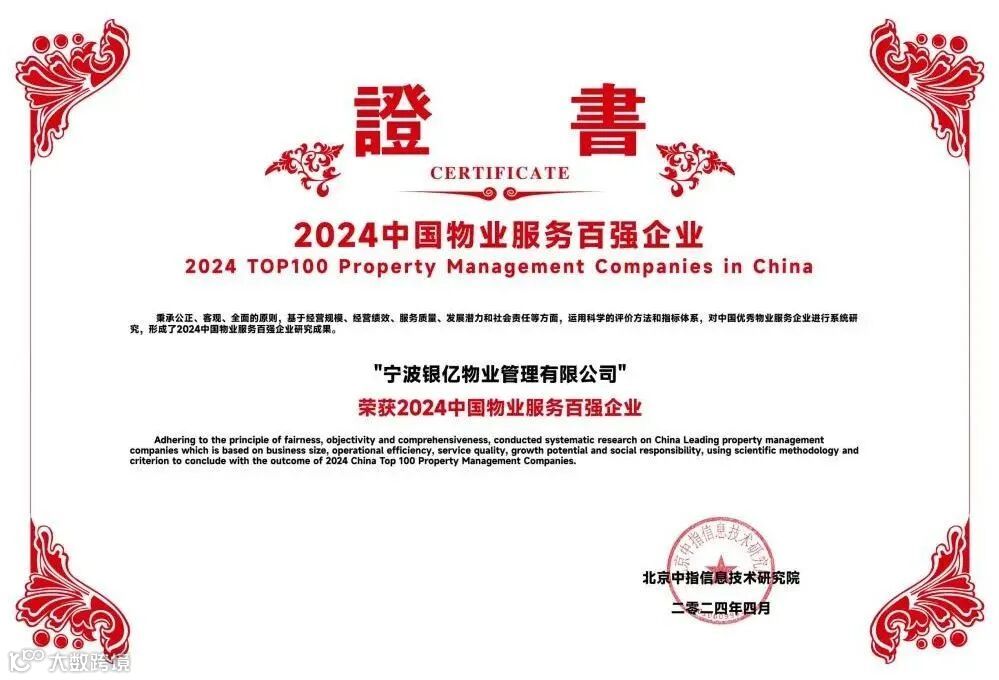 大会表彰物业服务优秀企业,银亿物业以优秀的服务品质荣膺“2024年中国物业服务百强企业”第19名。
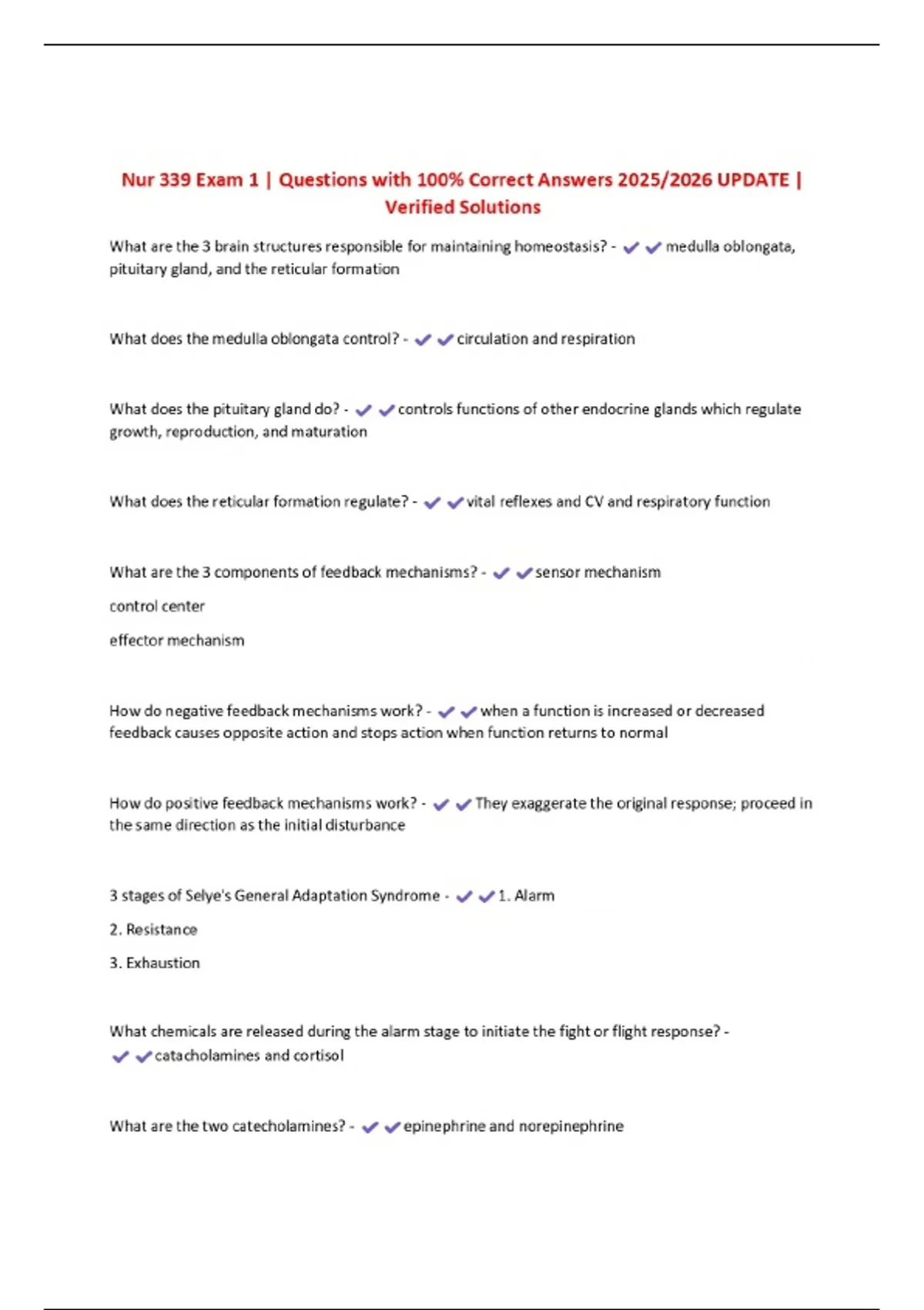 Nur 339 Exam 1 | Questions with 100% Correct Answers 2025/2026 UPDATE | Verified Solutions
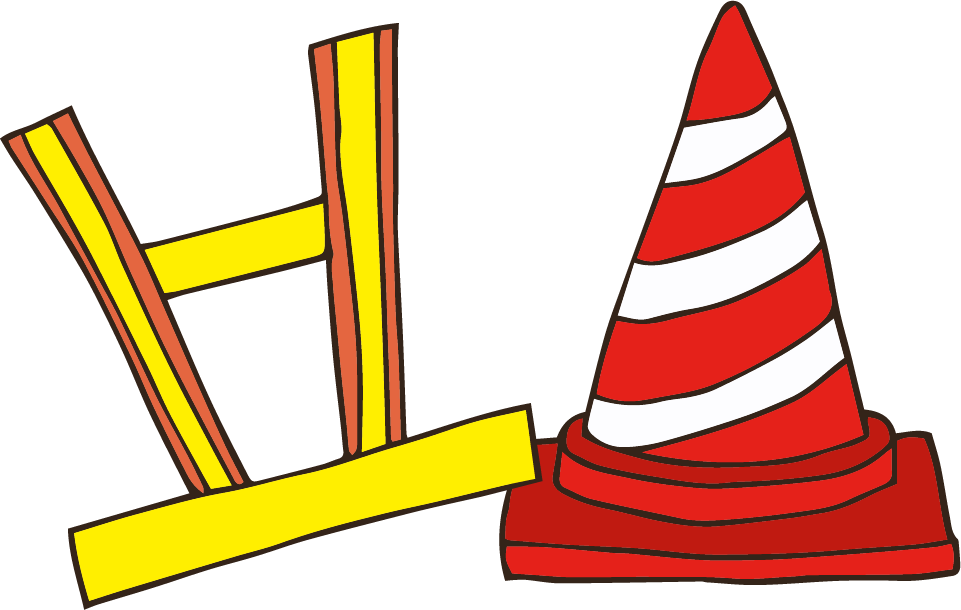 ★誘導灯(赤い点滅する専用棒)、紅白旗(大きさは色々ある赤白の旗)、徐行旗(黄色い旗)、警笛(注意喚起用の笛)、無線機(隊員同士の連絡用)などを活用し、一般車両・工事用車両・歩行者などを誘導します。
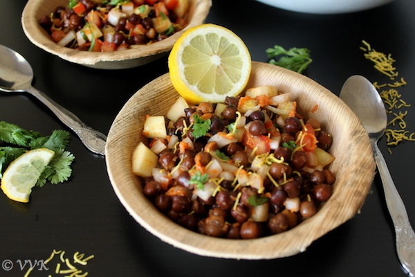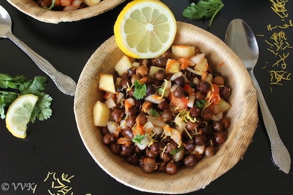 This kala chana chaat is my absolute favorite and I prepare this quite often. I usually pack this for work and relish it as a mid-morning snack or evening snack. The crunchy nature of this salad (thanks to the raw vegetables and black chickpea) makes you chew for a long time which in turn makes you feel full. This is a zero oil, vegetarian, vegan and gluten-free recipe.
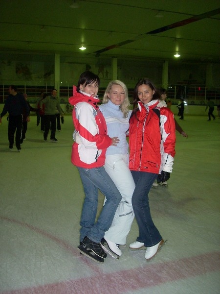 И падала пару раз - в первый пацанчик лет 10 под ноги подлез - там эти мальцы носятся, как ненормальные - и я через него навернулась...Второй раз - пересеклись траектории движения с молодым человеком, я легонько так его за талию обняла - думала, удастся сохранить равновесие, а он и сам не удержался...И бахнулись оба на лед. Причем мне так смешно стало, когда тут же с бешено ревнивыми глазами его девушка подлетела...
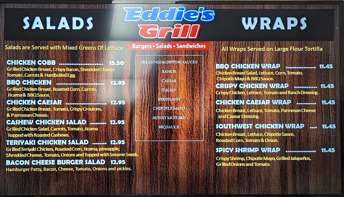 Pair your meal with a rich chocolate shake, made with Thrifty ice cream, for a sweet finish. With friendly staff and quick service, Eddie's Grill Village is not just a meal, but an experience that keeps customers returning for more.
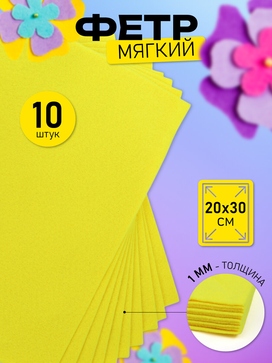 Отзывы на Фетр листовой мягкий Magic 4 Hobby 1мм 20х30см арт. FLT-S1 уп.10 листов цв.633/038 лимон
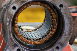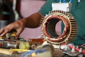 Egal ob Gleichstrom- oder Drehstrommotor - ist die Wicklung defekt, so kann diese von uns neu angefertigt werden. Zuerst wird die vorhandene Wicklung abgerissen und so vorbereitet, damit die neue eingelegt werden kann. Die Spulen werden auf präzisen Wickelmaschinen gefertigt und danach von Hand eingelegt und geformt. Um besseren Schutz zu gewährleisten wird die Wicklung in Schutzharz vergossen und gehärtet.
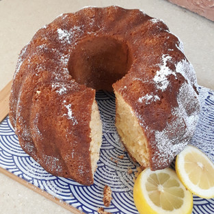Gotową babkę oblej sokiem z cytryny i oprósz cukrem pudrem.

__WHAT THE TASK REQUIRES__:
Pictures don't belong in the copy. Restate all the entries exactly.

__THE COMPLETED TASK__:
 大会表彰物业服务优秀企业,银亿物业以优秀的服务品质荣膺“2024年中国物业服务百强企业”第19名。
 Nur 339 Exam 1 | Questions with 100% Correct Answers 2025/2026 UPDATE | Verified Solutions
 ★誘導灯(赤い点滅する専用棒)、紅白旗(大きさは色々ある赤白の旗)、徐行旗(黄色い旗)、警笛(注意喚起用の笛)、無線機(隊員同士の連絡用)などを活用し、一般車両・工事用車両・歩行者などを誘導します。
 This kala chana chaat is my absolute favorite and I prepare this quite often. I usually pack this for work and relish it as a mid-morning snack or evening snack. The crunchy nature of this salad (thanks to the raw vegetables and black chickpea) makes you chew for a long time which in turn makes you feel full. This is a zero oil, vegetarian, vegan and gluten-free recipe.
 И падала пару раз - в первый пацанчик лет 10 под ноги подлез - там эти мальцы носятся, как ненормальные - и я через него навернулась...Второй раз - пересеклись траектории движения с молодым человеком, я легонько так его за талию обняла - думала, удастся сохранить равновесие, а он и сам не удержался...И бахнулись оба на лед. Причем мне так смешно стало, когда тут же с бешено ревнивыми глазами его девушка подлетела...
 Pair your meal with a rich chocolate shake, made with Thrifty ice cream, for a sweet finish. With friendly staff and quick service, Eddie's Grill Village is not just a meal, but an experience that keeps customers returning for more.
 Отзывы на Фетр листовой мягкий Magic 4 Hobby 1мм 20х30см арт. FLT-S1 уп.10 листов цв.633/038 лимон
 Egal ob Gleichstrom- oder Drehstrommotor - ist die Wicklung defekt, so kann diese von uns neu angefertigt werden. Zuerst wird die vorhandene Wicklung abgerissen und so vorbereitet, damit die neue eingelegt werden kann. Die Spulen werden auf präzisen Wickelmaschinen gefertigt und danach von Hand eingelegt und geformt. Um besseren Schutz zu gewährleisten wird die Wicklung in Schutzharz vergossen und gehärtet.
Gotową babkę oblej sokiem z cytryny i oprósz cukrem pudrem.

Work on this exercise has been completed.